The Town of Adrian is located in Monroe County, Wisconsin, United States. The population was 682 at the 2000 Census. The unincorporated communities of Jacksonville and Scotts Junction are located in the town.

Geography
According to the United States Census Bureau, the town has a total area of 35.3 square miles (91.3 km2), of which, 35.3 square miles (91.3 km2) of it is land and 0.03% is water.

Demographics
As of the census of 2000, there were 682 people, 231 households, and 188 families residing in the town. The population density was 19.3 people per square mile (7.5/km2). There were 248 housing units at an average density of 7.0 per square mile (2.7/km2). The racial makeup of the town was 99.41% White, 0.15% African American, 0.15% Native American, and 0.29% from two or more races. Hispanic or Latino of any race were 0.15% of the population.

There were 231 households, out of which 46.3% had children under the age of 18 living with them, 71.4% were married couples living together, 5.2% had a female householder with no husband present, and 18.6% were non-families. 15.6% of all households were made up of individuals, and 5.6% had someone living alone who was 65 years of age or older. The average household size was 2.95 and the average family size was 3.32.

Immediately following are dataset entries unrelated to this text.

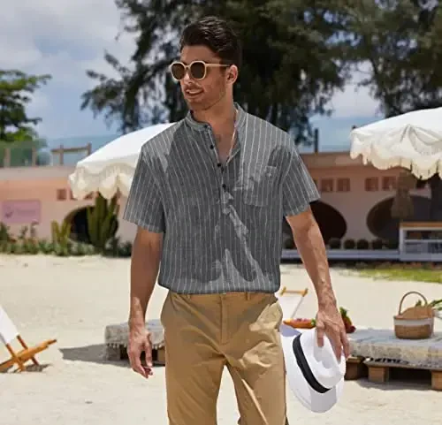 COOFANDY Erkek Pamuklu Keten Henley Gömlek, kısa kollu, hippi tarzı, rahat plaj tişörtü, cebiyle birlikte, gardırobunuzun vazgeçilmezi olmaya aday! Yaz aylarının sıcak günlerinde hem şıklığınızı koruyacak hem de konforunuzdan ödün vermeyeceğiniz bu özel tasarım, günlük kullanımın yanı sıra özel günlerinizde de size eşlik edecek. Yüksek kaliteli pamuklu keten kumaşı sayesinde teninize nefes aldırırken, hafif yapısıyla gün boyu rahatlık sunar. Nem emici özelliği ile terlemeyi en aza indirerek gün boyu ferah kalmanızı sağlar.Henley yakası, düz renk tasarımı, dar kesimi ve yuvarlak etek ucu ile dikkat çeken bu gömlek, klasik ve modern tarzı bir araya getiriyor. Gömleğin öne çıkan özelliklerinden biri de düğmeli yakasıdır. Bu detay, gömleğe farklı bir hava katarken, aynı zamanda kullanım kolaylığı da sunar. İster düğmeleri ilikleyerek daha resmi bir görünüm elde edin, isterseniz de düğmeleri açarak daha rahat ve salaş bir tarz yaratın.COOFANDY Henley Gömlek, farklı kombinasyonlarla kullanıma uygun çok yönlü bir parçadır. Şık bir görünüm için kumaş pantolon veya chino pantolonlarla kombinleyebilir, daha rahat bir tarz için ise jean veya şortlarla tamamlayabilirsiniz. Yaz aylarında plajda, tatilde veya günlük aktivitelerinizde rahatlıkla tercih edebileceğiniz bu gömlek, aynı zamanda doğum günü, düğün, kamp, seyahat, yoga, randevu, parti, toplantı, iş, tatil, korsan cosplay'i, Rönesans festivali, meditasyon gibi farklı etkinlikler için de ideal bir seçimdir.Sevdiklerinize hediye arayışındaysanız, COOFANDY Erkek Pamuklu Keten Henley Gömlek, babanız, erkek kardeşiniz, erkek arkadaşınız, kocanız, oğlunuz veya diğer erkek arkadaşlarınız için harika bir hediye seçeneği olacaktır. Onların tarzına ve konforuna önem verdiğinizi göstermenin en şık yolu! Makinede yıkanabilir özelliği sayesinde kolayca temizlenebilir ve uzun ömürlüdür. Kumaşının kalitesi sayesinde yıkama sonrası çekme veya solma gibi sorunlarla karşılaşmazsınız.COOFANDY Erkek Pamuklu Keten Henley Gömlek ile tarzınızı yansıtın, konforunuzu ön planda tutun ve her ortamda dikkatleri üzerinize çekin. Bu özel tasarım, gardırobunuzun en sevilen parçalarından biri olmaya aday!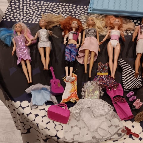 Myydään barbeja/nukkeja paketti hintaan. Osa toimii pattereilla mutta niistä vaihdettava patterit.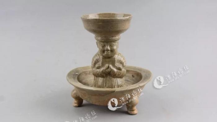 这件越窑青瓷灯台造型颇具创意,人物具有强烈写实意味,体现了魏晋六朝时期士族阶级的生活情趣。以人俑作灯柱在同时代的灯具中较为少见,《中国陶瓷全集·三国两晋南北朝》中收录一件浙江余杭出土的相类似器物。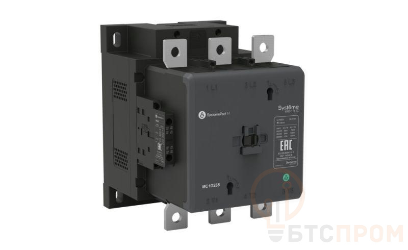 Контактор серии SystemePact MC1G на номинальный ток 400 А, 3P, 2НО+2НЗ; напряжение управления – 100…250 В пер./пост. тока; защита от просадок напряжения от 0,7 до 1,2 Us; крепеж – на монтажной плате. Контакторы серии SystemePact MC1G разработаны для управления двигателями различных типов, а также насосами, лифтов и системами вентиляции. Они имеют увеличенный электрический и механический ресурс; могут оснащаться дополнительными контактами, тепловыми реле, механическими блокировками.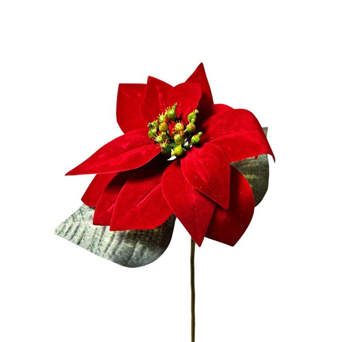Poinsettia artificiale in velluto LIBASSE, rosso, 45 cm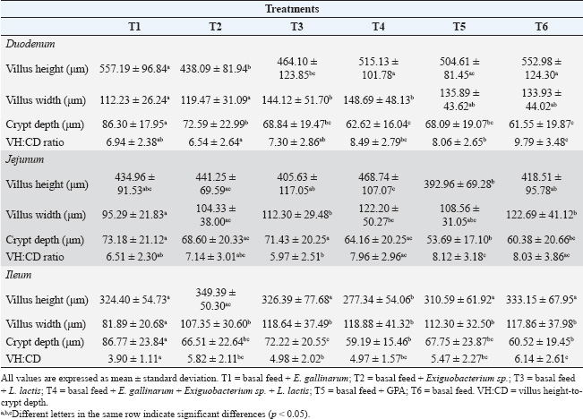 ABSTRACTBackground: Probiotics play an important role in improving host animal growth and influence intestinal morphology development. However, this effect varies depending on the type of probiotic used and the form of its administration. Aim: This study aimed to investigate the effect of probiotics based on native bacterial strains: Enterococcus gallinarum, Exiguobacterium sp., and Lactococcus lactis on the animal growth and intestinal histometry of guinea pigs (Cavia porcellus). Methods: Seventy-two weaned guinea pigs from a fattening line, with an initial average weight of 248.6 ± 42.2 g, were distributed into six pens. The subjects received oral administration of probiotics as follows: Treatment 1 (T1): E. gallinarum, Treatment 2 (T2): Exiguobacterium sp., Treatment 3 (T3): L. lactis, Treatment 4 (T4): a mixture of all three bacteria, Treatment 5 (T5): zinc bacitracin supplementation, and Treatment 6 (T6): control. After 63 days, weight gain and feed conversion ratio were determined. Additionally, the villus height and width, depth of crypt of Lieberkühn, and the villus height-to-crypt depth. (VH:CD) ratio in the duodenum, jejunum, and ileum were evaluated. Results: Probiotic application caused differences in weight gain (p=0.04), specifically between T1 and T3, but did not affect the weekly feed conversion ratio (p=0.72). On the other hand, intestinal histometry evaluations showed differences in villus height in each intestinal section (p < 0.05). In the jejunum, T4 had a greater villus height than the control (p < 0.05), whereas in the other treatments, probiotics did not increase height compared with the control. Differences were found in villus width in each intestinal section (p < 0.05) but were not greater than the width of the control. Treatments resulted in differences in crypt depth in all sections (p < 0.05), caused by an increase in depth compared with the control. Finally, VH:CD ratio also showed differences throughout the small intestine (p < 0.05), with values similar or lower in probiotics treatments compared with the control. Conclusions: The application of probiotics based on E. gallinarum, Exiguobacterium sp., and L. lactis did not affect the productive parameters of guinea pigs but had an impact on intestinal histomorphology. Keywords: Lieberkühn crypt, Duodenum, Jejunum, Ileum, Lactic acid bacteria. IntroductionThe guinea pig (Cavia porcellus) is a rodent used as a model for medical research or as a food source in some regions because its meat is highly valued for its taste and high nutritional content (Enríquez, 2019; Herrera et al., 2022; Aphrodita et al., 2024). However, the breeding of these animals is hindered by infectious diseases caused by Salmonella sp., Escherichia coli, Streptococcus sp., Klebsiella sp., and Bordetella sp. (Obregón et al., 2018; Angulo-Tisoc et al., 2021; Mendoza-Rodriguez, 2022). Many of these pathogens are ingested with food, reaching the intestine where they are absorbed and can cause severe infections. Several studies have focused on the intestines of these animals, which are divided into small and large intestines (Imam et al., 2021). The first section is mainly responsible for nutrient absorption, whereas the large intestine absorbs water and ions, (Kiela and Ghishan, 2016). The small intestine comprises three regions without clear divisions: the duodenum, jejunum, and ileum, with the jejunum having the longest and largest surface area (Mitjans and Ferrer, 2004). The intestine has a high density of villi and microvilli, increasing its absorption area (Walton et al., 2016). Additionally, the intestine contains Lieberkühn crypts, structures associated with villus renewal (Rehman et al., 2007). Beneficial and pathogenic bacteria colonize and interact with epithelial cells to regulate various physiological processes (Hill et al., 2017; Yang et al., 2020). Among the strategies used to control infections, antibiotics are widely employed to reduce pathogen effects. However, their use alters the intestinal microbiota and can leave residues in guinea pig meat and organs (Ampuero-Riega and Morales-Cauti, 2021). An alternative has been the use of probiotics isolated from the intestines or feces of guinea pigs (Goicochea-Vargas et al., 2024), as they can regulate gastrointestinal microbial populations and provide beneficial effects for the host (FAO/WHO, 2001). However, their efficacy depends on the food type, probiotic preparation before administration, dosage, and inoculation rate. Once in the intestinal tract, probiotics enhance the intestinal barrier against pathogens and strengthen the immune system for rapid infection prevention (Raheem et al., 2021; Fijan, 2023; Mousa et al., 2023). Additionally, these microorganisms produce beneficial molecules for the host and improve digestive enzyme activity, promoting intestinal growth (Zuo et al., 2019; Raheem et al., 2021; Wang et al., 2021). Moreover, probiotics can modify the size of intestinal villi and crypts, facilitating nutrient absorption (Kalita et al., 2021; Obianwuna et al., 2023). The application of mixed probiotics increased villus length and the villus height-to-crypt depth (VH:CD) ratio in broiler chickens (Awad et al., 2009; Aliakbarpour et al., 2012). In mice, probiotics based on Lactobacillus increased villus height and the VH:CD ratio (Li et al., 2021), similar to treatments with Bacillus coagulans, which increased villus height, crypt depth, and VH:CD ratio (Zhao et al., 2023). The addition of Lactobacillus delbrueckii to piglet diets reduced crypt depth and increased the VH:CD ratio (Wang et al., 2021). In guinea pigs, probiotics also affect intestinal morphology. The application of probiotics containing Enterococcus hirae, Lactobacillus reuteri, Lactobacillus frumenti, Lactobacillus johnsonii Streptococcus thoraltensis, and Bacillus pumilus increased the VH:CD ratio and reduced Lieberkühn crypt depth in the duodenum and ileum (Carcelén, 2021). Furthermore, using thi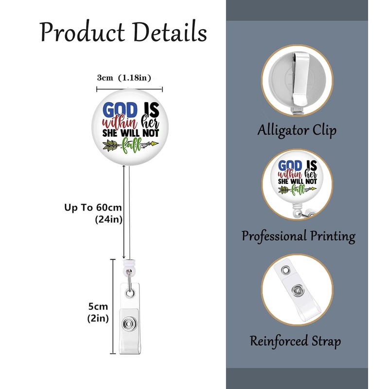 God is Within Her SHE Will Not Fall - Psalm 46:5 - Badge Reel - Retractable ID Holder - #253

In the town, the population was spread out, with 31.7% under the age of 18, 7.0% from 18 to 24, 31.4% from 25 to 44, 22.4% from 45 to 64, and 7.5% who were 65 years of age or older. The median age was 36 years. For every 100 females, there were 111.8 males. For every 100 females age 18 and over, there were 110.9 males.

The median income for a household in the town was $45,875, and the median income for a family was $51,786. Males had a median income of $31,583 versus $25,673 for females. The per capita income for the town was $19,791. About 1.0% of families and 2.1% of the population were below the poverty line, including none of those under age 18 and 13.4% of those age 65 or over.